Voilà pour ceux qui font la pluie et le beau temps au-dessus des vignes. Guère mieux du côté des cavistes et des sommeliers : « Plus ils parlent des arômes farfelus et de la technique incompréhensible du vin, plus ils vous dominent et vous empêchent de formuler une réaction. » De pleines bordées comme ça, pour lesquelles Nossiter prône la défiance. Autre cible : les supermarchés. Ainsi, au magasin Auchan de la porte de Bagnolet, à Paris, les appellations, comme partout ailleurs, sont représentées par des vins de marque. On y trouve aussi des vieux millésimes, « pour flatter les gens qui veulent montrer l’étiquette » , en même temps qu’Auchan profite de leur ignorance et encourage leur snobisme. Le chef de rayon y justifie la priorité : « Que le producteur, le négociant ou la coopérative soit suffisant en volume pour alimenter le magasin toute l’année. »

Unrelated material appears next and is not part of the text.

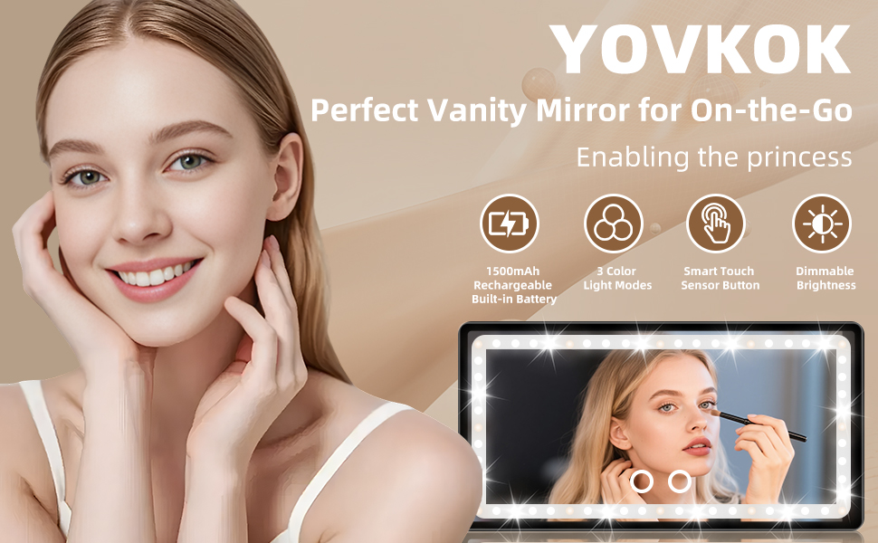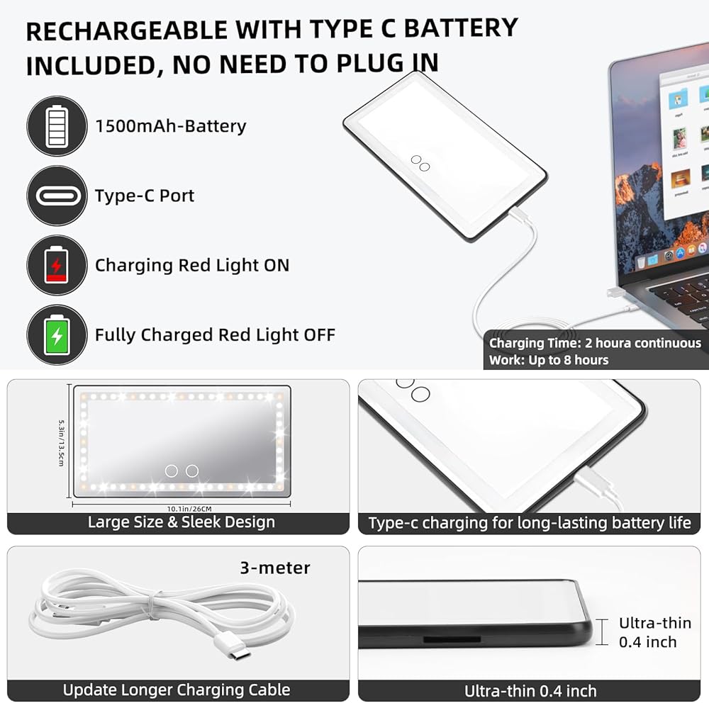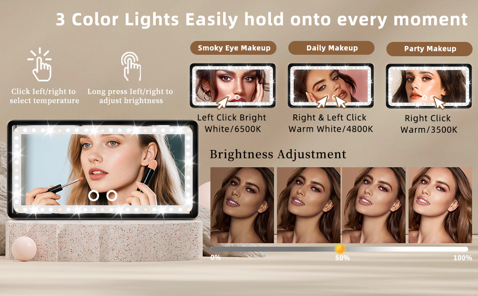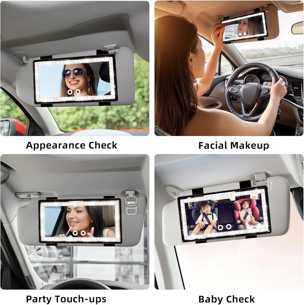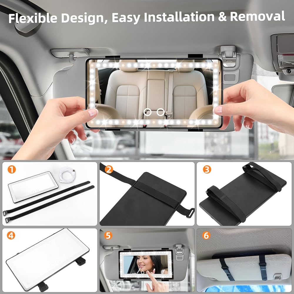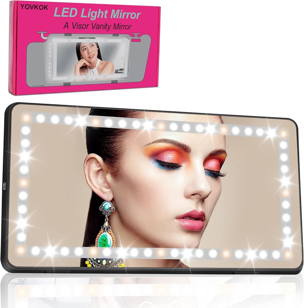 • 【مصابيح LED خافتة وتصميم موفر للطاقة】تتميز هذه المرآة للسيارة بـ 48 مصباحًا أبيض و12 مصباحًا أصفر، وهي أكثر إشراقًا وتستخدم طاقة أقل من المصابيح العادية. اضغط لفترة قصيرة على مفتاحي مستشعر للتبديل بين ثلاثة أوضاع ألوان فاتحة. درجة حرارة اللون 2500-6500 كلفن تعادل ضوء الشمس الخارجي، مما يضمن أن يبدو مكياجك خاليًا من العيوب وحقيقيًا.

L’indicateur de base n’est pas la qualité mais la quantité. Foin des cultures sensées et de la biodynamie. Bref et cul sec : entre la malhonnêteté des guides et des critiques, l’arrogance des cavistes et le fourre-tout des grandes surfaces, quelle place reste-t-il ? Celle de l’éducation. Comme l’éducation au cinéma ou à la littérature. Et, pareillement, ça ne s’improvise pas.